LinkedIn has become the candidate database of choice for recruiters, Glassdoor has forced HR and recruiting leaders to acknowledge the importance of company reputation via aggregation of anonymous ratings, and Indeed has parlayed the power of jobs SEO/search into a dominant business model.
But the more things change, the more they stay the same. Those market positions/origins converge as each of those recruitment-marketing vendors has sought to monetize their business model.
Translation: LinkedIn, Glassdoor and Indeed all sell job postings as a primary driver of revenue. Some have found that embedding job postings in bundled offerings is the only way to fully monetize the features that made them famous (LinkedIn, Glassdoor), and one has fully redefined what a job posting is by owning candidate search and making you pay for preferred placement to access candidate attention (Indeed).

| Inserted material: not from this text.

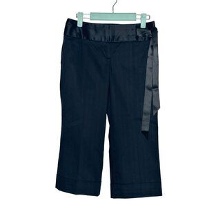 These gorgeous capris feature a shiny black fabric and tuxedo waistband. Super cute!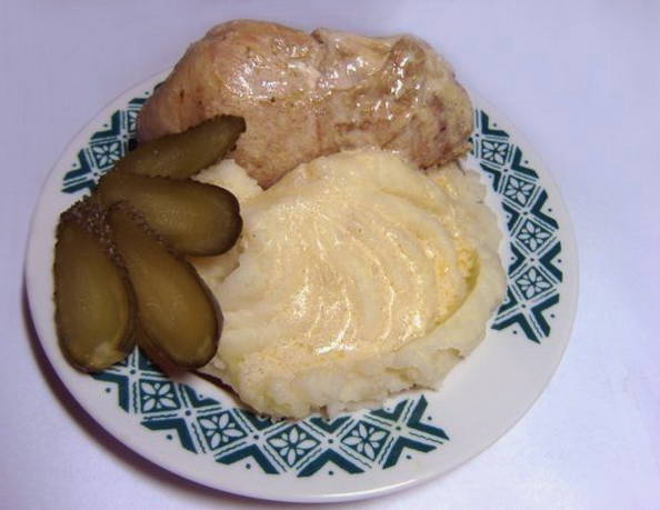 - Sappige kippendijen met jus zijn klaar. Serveer ze met garnituur en augurken.

But each of the business models is reliant on and subject to one important behavioral trend: Candidates aren’t using job boards as a starting point for job search, they’re just typing the name of a company in a web browser (or conducting a search like “jobs in 30328”), and away they go.

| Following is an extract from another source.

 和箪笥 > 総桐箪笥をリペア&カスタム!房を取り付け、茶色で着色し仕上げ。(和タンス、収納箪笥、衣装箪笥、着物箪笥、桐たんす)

That reality built Indeed into the powerhouse it is today. But there’s a new sheriff in town — Google for Jobs.
Google for Jobs can be described as a new search results feature when you use Google for search. The feature is simple: For searches with “clear intent” (e.g., “head of HR jobs in Chicago” or “entry-level jobs in Boise”), Google shows a formatted preview of job listings scraped from various sources under a generic tag, “jobs.”
Google for Jobs currently includes job postings from sources like LinkedIn, CareerBuilder and Glassdoor, but also job postings hosted on a company’s own website — if the bots like the formatting of your careers site.

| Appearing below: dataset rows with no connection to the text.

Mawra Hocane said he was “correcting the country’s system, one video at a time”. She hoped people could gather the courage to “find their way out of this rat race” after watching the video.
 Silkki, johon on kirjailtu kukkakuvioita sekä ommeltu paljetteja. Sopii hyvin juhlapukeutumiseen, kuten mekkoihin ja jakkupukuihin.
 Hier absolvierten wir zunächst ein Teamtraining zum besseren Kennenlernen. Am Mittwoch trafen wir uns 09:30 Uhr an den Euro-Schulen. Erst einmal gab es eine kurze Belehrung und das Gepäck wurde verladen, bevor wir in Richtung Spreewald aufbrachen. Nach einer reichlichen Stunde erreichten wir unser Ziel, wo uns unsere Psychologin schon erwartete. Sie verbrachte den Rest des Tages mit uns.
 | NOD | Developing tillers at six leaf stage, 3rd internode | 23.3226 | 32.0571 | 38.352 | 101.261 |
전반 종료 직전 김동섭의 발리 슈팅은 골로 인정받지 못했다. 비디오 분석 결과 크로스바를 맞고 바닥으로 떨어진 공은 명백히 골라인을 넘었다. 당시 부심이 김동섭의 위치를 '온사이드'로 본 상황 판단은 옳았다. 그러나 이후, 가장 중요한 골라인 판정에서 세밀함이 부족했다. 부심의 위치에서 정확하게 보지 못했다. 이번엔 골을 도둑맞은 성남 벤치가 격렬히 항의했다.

Google for Jobs doesn’t include listings for Indeed. And that should make you blink as an HR/talent/recruiting leader.
The Google for Jobs search results serve to push organic listings at your company on Indeed, Glassdoor and other providers to what is known as “below the fold” status on their screen. That means candidates must scroll to find some of the results from the providers you currently pay to drive traffic to your jobs. That’s potentially a big problem.
What’s an HR/recruiting leader to do? Here’s my advice to avoid waking up one day and finding the recruitment marketing world has passed you by in the Google for Jobs era:
The naysayers will tell you Google’s had a lot of failed experiments — Google Wave and Google Plus among them — and they’re right.
Candidate behavior toward job search suggests that those expecting Google for Jobs to have zero impact are misguided at best. Keep your eye on the performance of postings you currently pay for and adjust accordingly for best results.